There are some scenarios in which the GPU frame boundaries are more challenging to distinguish due to the app being heavily GPU bound; in these scenarios, if you're familiar with the work that’s being submitted to the GPU, you can identify the pattern that render passes are being executed with and determine the frame boundaries from that information.

Heavily GPU Bound Application with render pass pattern that helps identify frame boundaries
Figure 16: Heavily GPU Bound Application with render pass pattern that helps identify frame boundaries

GPU counters in the System Profiler

If GPU slice information is not available in a trace, you can get an estimate of the GPU frame time using the GPU counter information available in the System Profiler.

Mali devices

On Mali devices, the main counter track that is relevant is the GPU utilization track. If the app isn't GPU-intensive, the GPU utilization track shows a pattern of high and low-to-zero utilization, and you can use this to estimate the GPU frame time by measuring how long the periods of high activity are.

GPU utilization track along with GPU Queue Track to illustrate how they line up
Figure 17: GPU utilization track along with GPU Queue Track to illustrate how they line up

If the app is more GPU-intensive and the GPU utilization track does not provide enough information (in other words, the app consistently has a high GPU utilization), use the information about GPU activity shown in the Fragment|Non-fragment queue utilization tracks to estimate the GPU frame times. By looking for patterns in the activity levels of the Fragment and Non-fragment tracks, you can get a rough estimate of where the boundaries of a frame are, and use that to measure the GPU frame time.

GPU utilization cannot help here, so use the Fragment/Non-fragment queue utilization tracks for the estimate (fragment and non-fragment track here for illustration purposes)
Figure 18: GPU utilization tracks cannot help here, so you use the “Fragment/Non-fragment queue utilization” tracks for the estimate (fragment and non-fragment track here for illustration purposes)

Adreno devices

On Adreno devices, start by examining the GPU % Utilization track. If the application is not GPU-intensive, the GPU Utilization track has a pattern of high and low-to-zero utilization, and you can use this to estimate the GPU frame time by measuring how long the periods of high activity are.

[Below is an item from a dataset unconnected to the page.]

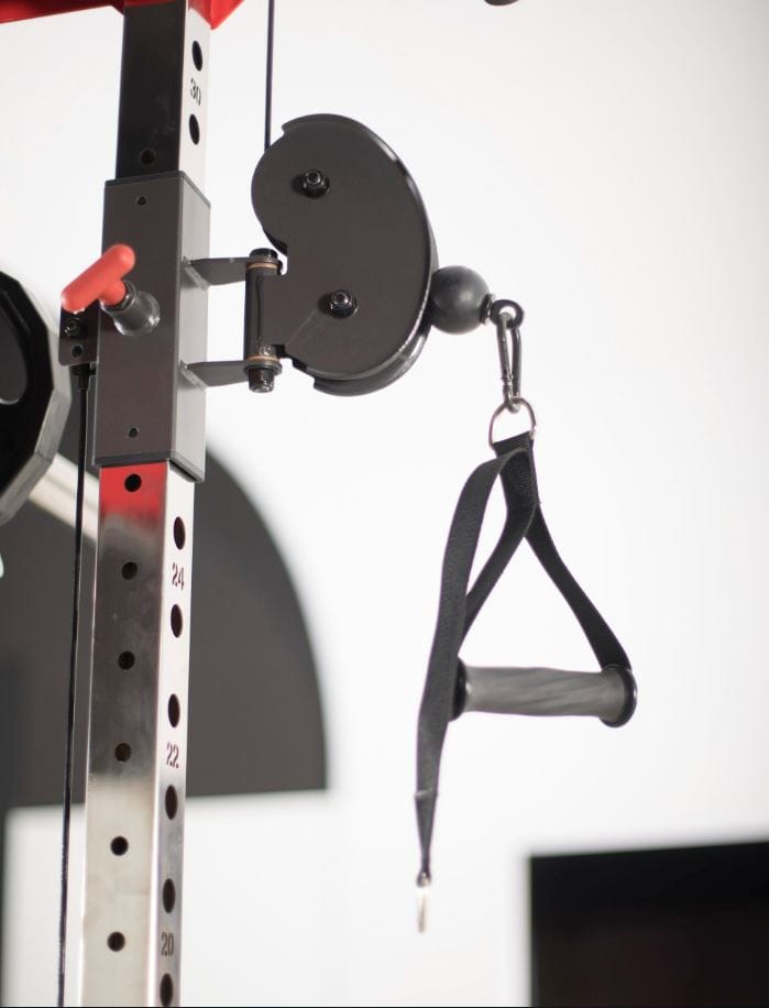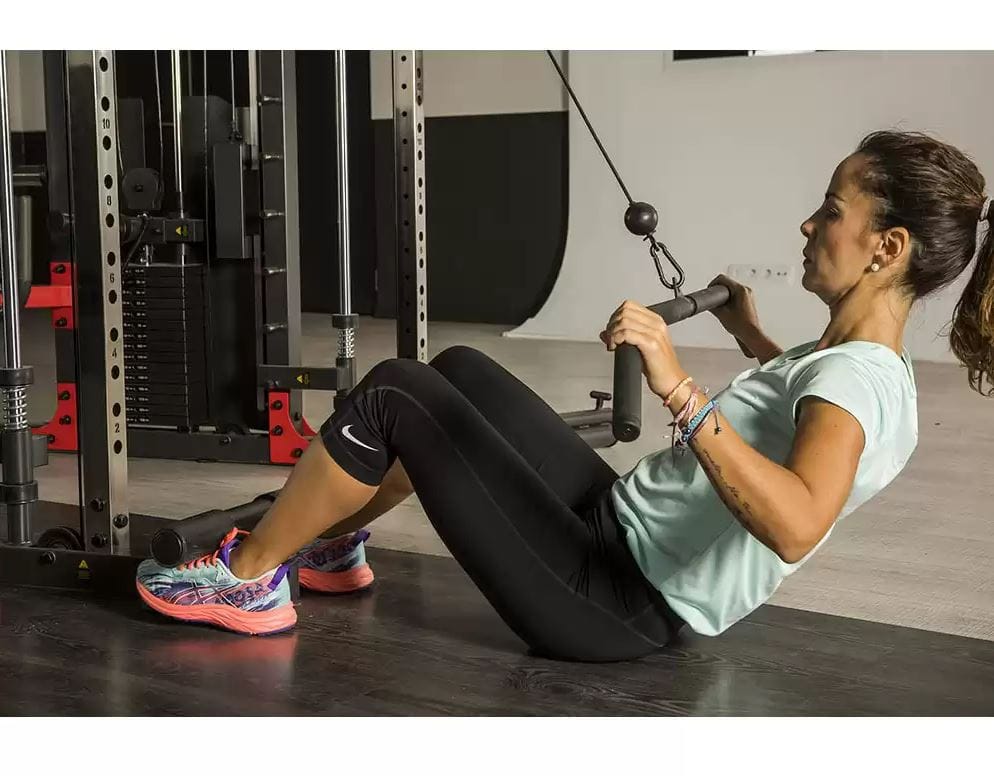 A beépített Smith mechanika stabil, kontrollált mozgáspályát biztosít, ami különösen előnyös nagyobb súlyokkal végzett alapgyakorlatoknál, például guggolásnál vagy fekvenyomásnál. A kétoldali, egyenként 90 kg-os súlyblokkok lehetővé teszik a precíz, kiegyensúlyozott csigás gyakorlatokat, így a felső- és alsótest izomcsoportjai egyaránt hatékonyan fejleszthetők.

GPU % Utilization track along with GPU Queue Track to illustrate how they line up
Figure 19: GPU % Utilization track along with GPU Queue Track to illustrate how they line up

If the application is more GPU intensive and the GPU Utilization track does not provide enough information (i.e. the application consistently has a high GPU utilization) you can investigate the “Vertex|Fragment Instructions / Second” tracks to provide you with information about what the GPU is doing, and from that estimate the GPU frame times. By looking for patterns in the activity levels of the Vertex and Fragment track, you can get a rough estimate of where the boundaries of a frame are, and use that to measure the GPU frame time

GPU % Utilization cannot help here, so you use the Vertex Instructions/Second track for the estimate (GPU Queue 0 here for illustration purposes)
Figure 20: GPU % Utilization cannot help here, so you use the Vertex Instructions/Second track for the estimate (GPU Queue 0 here for illustration purposes)

Other tracks that may provide similar information include the Vertices|Fragments Shaded / Second and the % Time Shading Vertices|Fragments tracks.